I was paranoid that others somehow looked down on me because I had it better than them. I was wrong all that was entirely in my head.

I would feel bad about sharing about work....that was also my own ego and unneccesary.

Although to honest I notice now the healthier people don't share about work at meetings. Not because they're ashamed but because it is of absolutely no interest to 90% of the people in the room.

If I work in a bank what use is it to everybody else to talk about how stressful it is working in a bank? So we talk in a general way, about our more human experiences so that more people can identify. Instead 9f just thinking about ourselves and using AA as some kind of venue to vent our emotions and have others listen.

Really sorry Miami...the more I hear of this the more I think this is your issue not AAs.

P
I do think that one of the limits of forums is that things get confused. During meetings in my experience, people share about work in a general way and do not get too specific. There are exceptions, but I think most people feel the way you do. That said, it is not hard to read between the lines to draw conclusions about what kind of responsibilities they face.
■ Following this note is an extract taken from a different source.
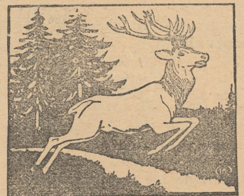
(423 b) 1—2

But in conversation before and after meetings it does come up. And it was always something sponsors were interested in.

I have to admit, I do not recognize the real-life AA I know from your posts. How do you prove to a sponsor that you have done a step, without sharing about your life with them?

What kind of direction do sponsors and other AA folk give if it is not about your life?

The AA I know is a program about action. I did not like the actions requested of me so I left about nearly 8 years in the program. However the principles are still key for me.

Since I am open about my past I am often approached by people who need help with alcoholism and other addictions. I usually sent them to 12-step recovery, since that seems to work for the widest variety of people. But I do worry about the intrusiveness of people in the program and recommend sharing as little personal information as possible.

This was my strategy in my last few years in the program, but as a result I was often asked why I was not fully engaged in the program anymore. And I think they were right. If no one knew what was going on with me, how could they make any suggestions?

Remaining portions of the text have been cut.